No, my life is not the typical “normal.”
No, I don’t share it with everyone.
No, I don’t follow the crowd.
No, I don’t view life as everyone else.
I do believe in God.
I do believe in Jesus.
I do believe in Holy Spirit.
I do believe in obeying His voice.
I do believe in signs.
I do believe in the Bible.
I do believe in supernatural.
I do believe in the power of rest.
I do believe in hearing from God for yourself.
I do believe in deliverance.
I do believe in healing.
I do believe in freedom.
I do believe in Spiritual Gifts.
I do believe in being Spirit led.
I do believe in the audience of one.
I do believe in Angels.
I do believe in community.
I do believe in the church.
I do believe in worship.
I do believe in meditation.
I do believe in having a relationship with God.

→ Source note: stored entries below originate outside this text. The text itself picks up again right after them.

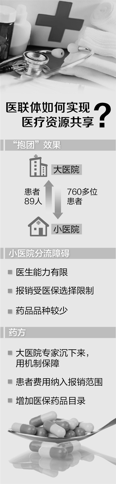 ????過去,大醫(yī)院因?yàn)榧辛藘?yōu)質(zhì)醫(yī)療資源,病患云集,造成看病難;而小醫(yī)院、社區(qū)醫(yī)院則長(zhǎng)年“吃不飽”,門可羅雀,造成醫(yī)療資源浪費(fèi)。如何改變這種旱澇不均的局面?組建醫(yī)聯(lián)體就是一種探索:讓大醫(yī)院的醫(yī)生去基層醫(yī)院坐診,從而帶動(dòng)大醫(yī)院的慢性病人去基層醫(yī)院康復(fù)。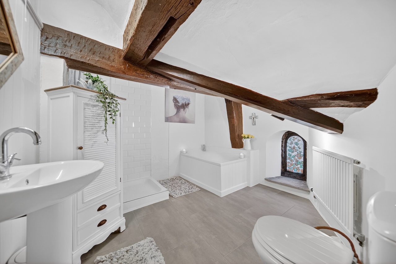 The family bathroom includes a compact bath, walk in shower, WC and wash basin. White painted panelling and a vaulted ceiling with exposed beams shape the room into something both architectural and calm. A stained glass window depicting falling autumn leaves casts warm colour across the space.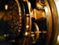 写真N0.4-4は輪列の写真で、運針用のフュジー付き輪列とアワー/クォータ用それぞれの時打ち駆動用の輪列が1つづつと、アワー用のハンマーが1つ、クォータ用に2つのハンマーなどが見える。 |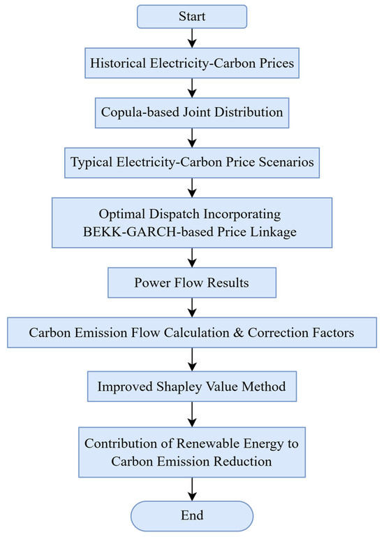 The proposed methodology is built upon an integrated framework combining three complementary approaches. First, Copula theory coupled with BEKK-GARCH modeling is employed to capture the complex correlation structure between electricity and carbon prices while quantifying dynamic risk transmission mechanisms. This approach enables the generation of realistic market scenarios that reflect the coupled nature of electricity–carbon markets. Second, enhanced carbon emission flow theory integrated with market signals is developed to dynamically track carbon emissions through the power system, overcoming the limitations of static carbon accounting methods. Third, an improved Shapley value method with correction factors is proposed to fairly allocate carbon reduction benefits among renewable energy units by incorporating their unique operational characteristics including historical responsiveness, output stability, and marginal carbon reduction benefits. These three methodological components are systematically integrated to form a comprehensive framework that addresses the complex interactions between market dynamics, system operation, carbon emission tracking, and benefit allocation in renewable energy systems.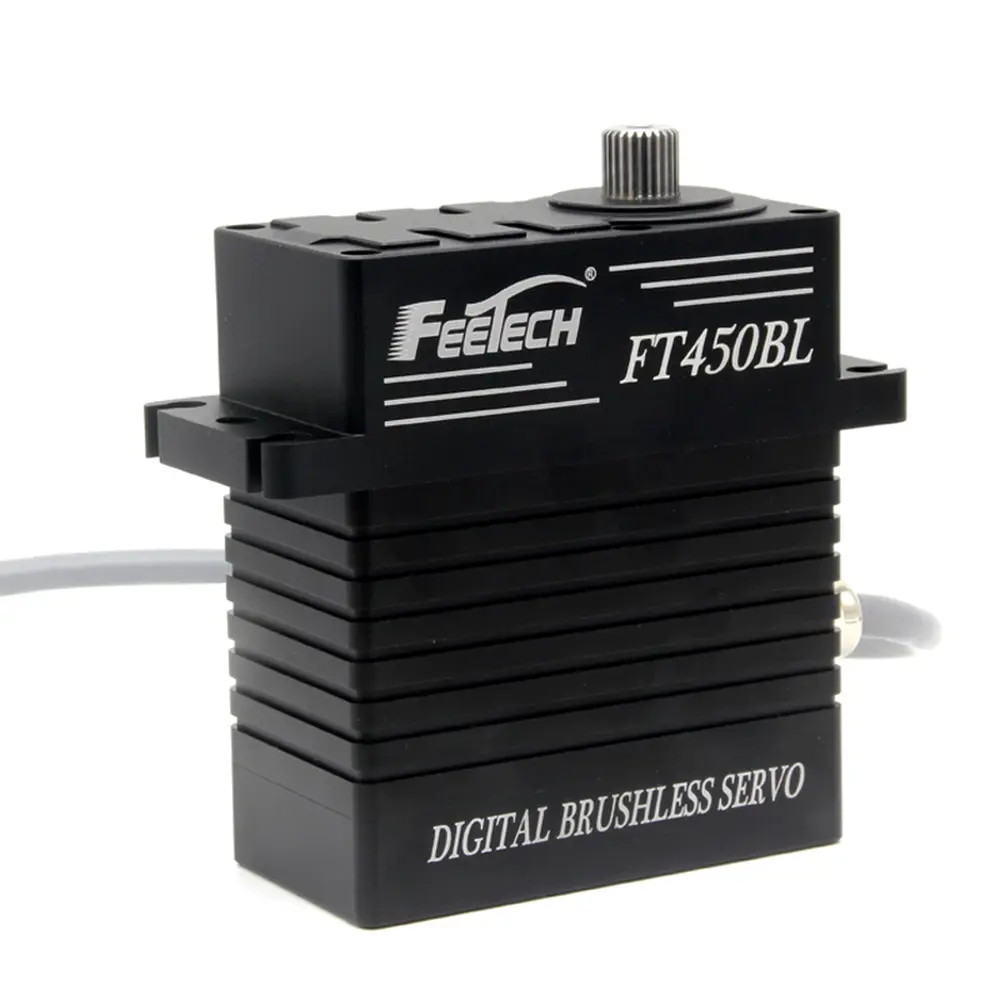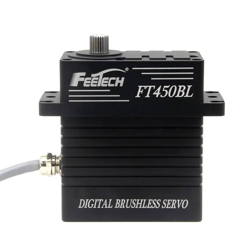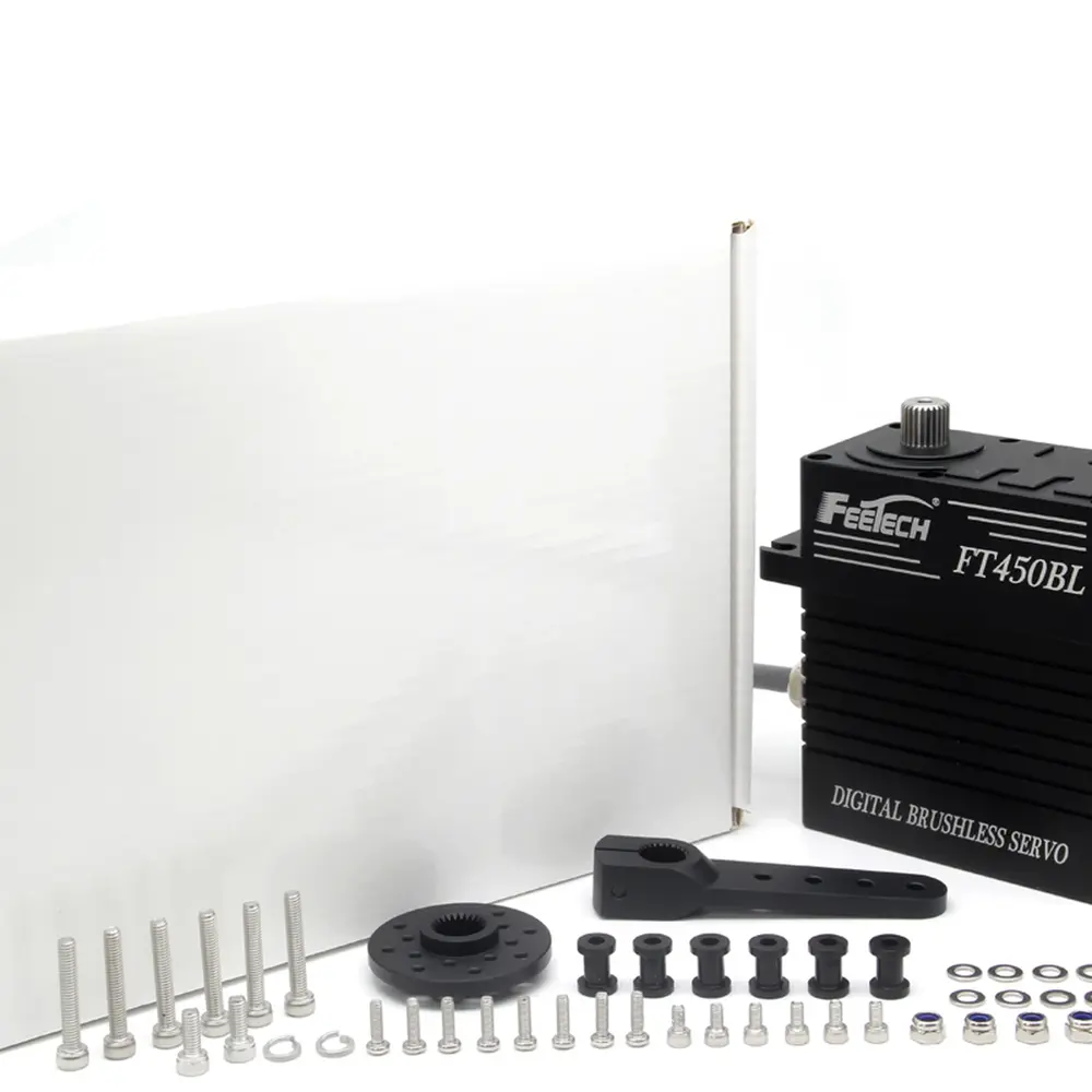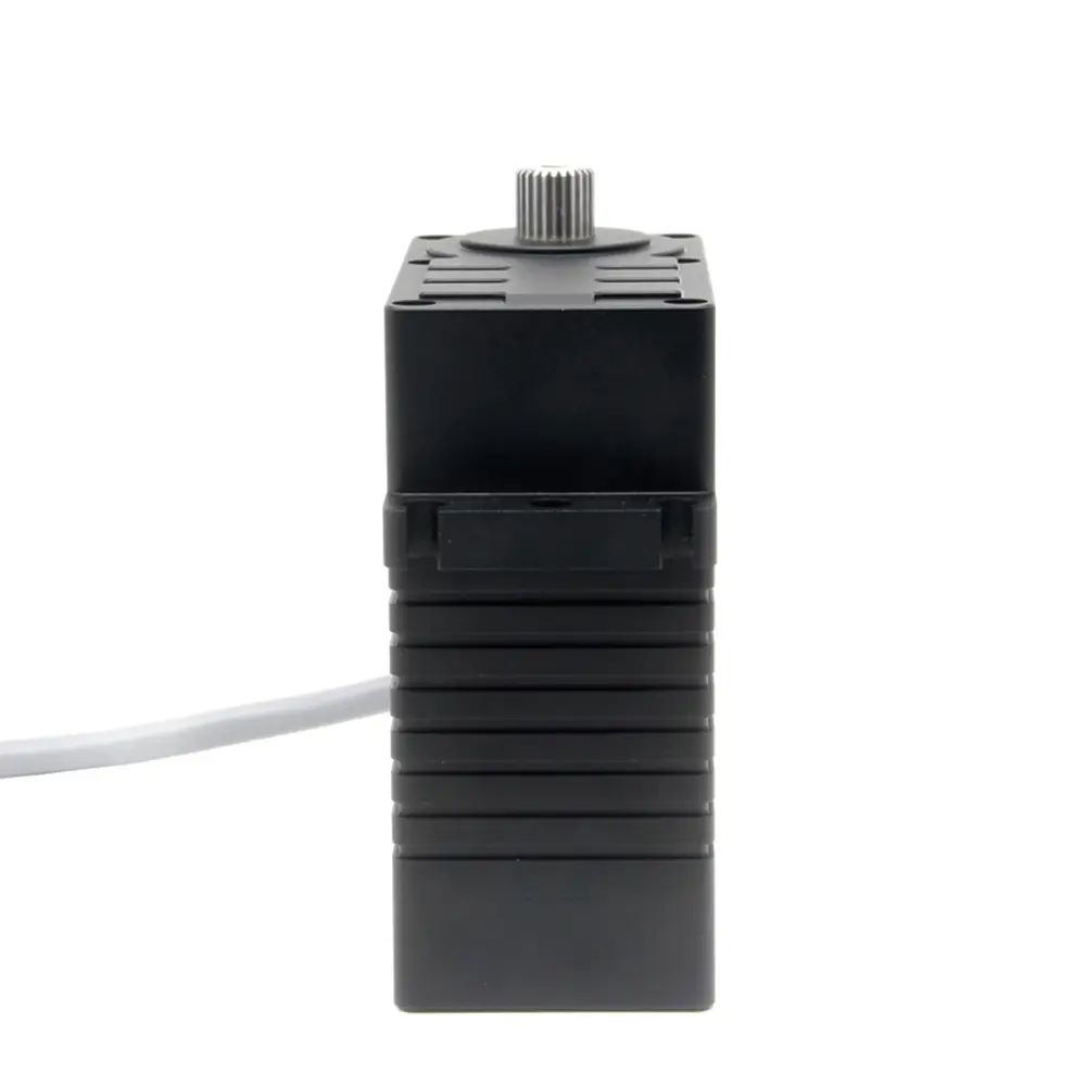 Deze industriële servo is ontworpen om uitzonderlijke prestaties te leveren in veeleisende omgevingen met een hoge belasting. Hij combineert een krachtige 24V borstelloze motor met een uiterst nauwkeurige 12-bits magnetische encoder om een immense stall torque van 450 kg·cm te produceren, met behoud van nauwkeurige hoekcontrole. Het belangrijkste ontwerpprincipe is het leveren van extreem vermogen en onwrikbare betrouwbaarheid dankzij de robuuste, volledig metalen constructie. Met een aluminium behuizing met IP65-classificatie en tandwielen van gehard staal is deze industriële servo ontworpen voor zware toepassingen, waaronder industriële automatisering, grootschalige robotica en maritieme apparatuur, waar zowel sterkte als nauwkeurigheid cruciaal zijn.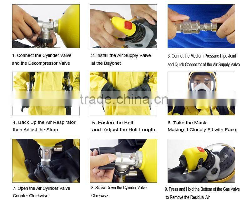 2. Close the bayonet belt, adjust the belt length to the appropriate position with the mask, adjust the tightness to face mask and caps, open the gas cylinder switch valve and turn over three times in a counter clockwise direction; take a deep breath and breathe into the working area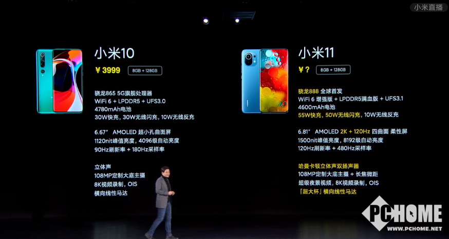 最后是售价,小米11的8+128GB是3999元,8+256GB是4299元,12+256GB是4699元,起价没变。
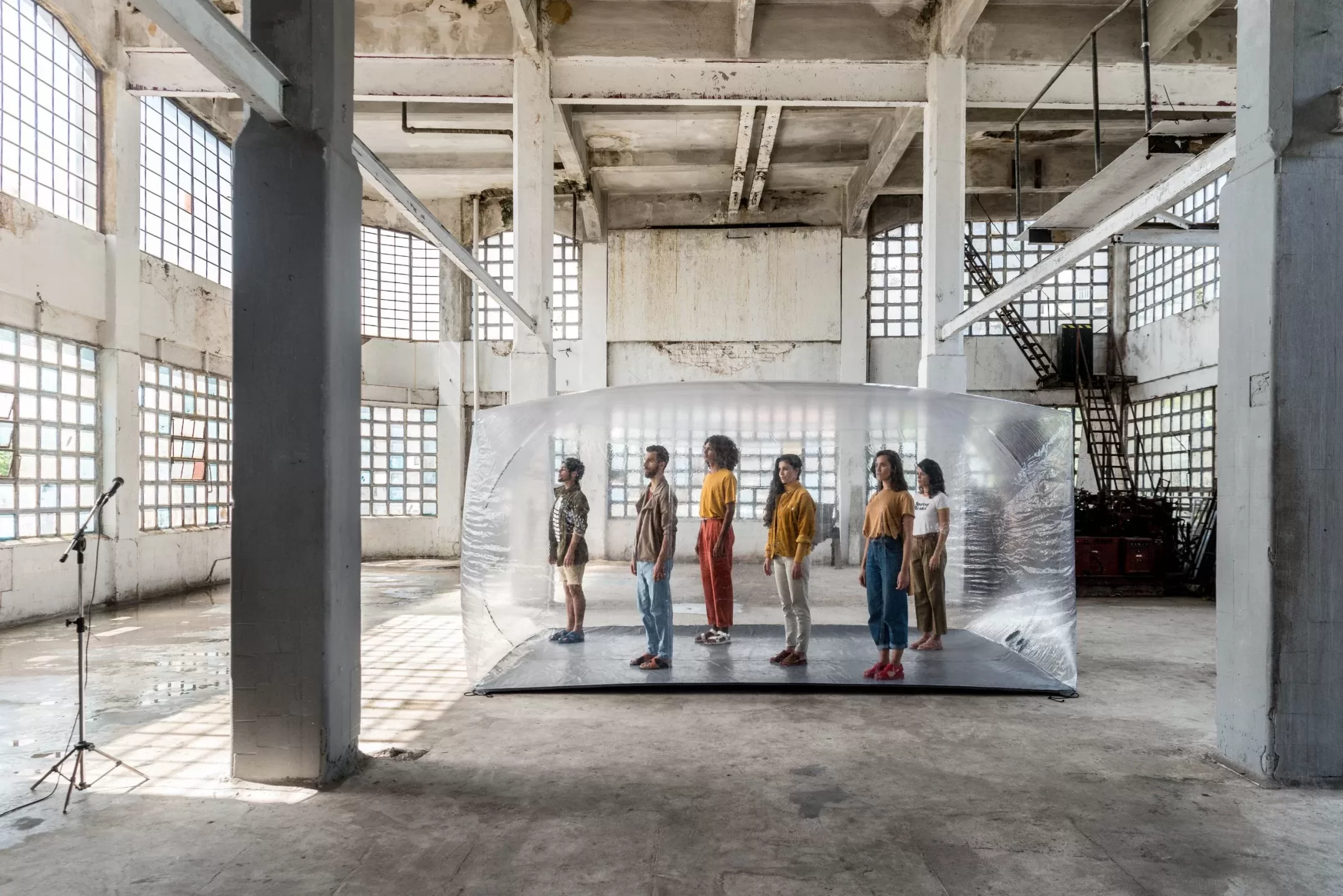 Una apariencia vital, cuya estructura inflable plantea nuevas experiencias del espacio, el cuerpo, la convivencia y sus límites en una puesta multidisciplinar. Contenidos en un mismo ámbito metafórico propone adentrarse en ese mundo lúdico, despertando en el espectador nuevos imaginarios simbólicos. Una masa de cuerpos dentro de un espacio, resultado de la sumatoria de individualidades, muestra la interacción, mutación y diálogo, conceptos que aparecen en el “yo colectivo” de “Dentro”.

I do believe in talking and walking with God every day.
I do believe in unlimited access.
I do believe in living life without limits.
I do believe in miracles.
I do believe in the power of prayer.
I do believe in Jesus interceding for me.
I do believe everything I have been through God was with me.

The detour saved my life.
I grew up in church.
My parents are leaders in the church.
Until I established my own foundation in God through the Word, obeying His voice, identifying His voice, going through deliverance, allowing God to heal me and set me free…I was like everyone else.
Going down a path, trail, road with the same ole problems.
So grateful, I took a detour from the normal expectations!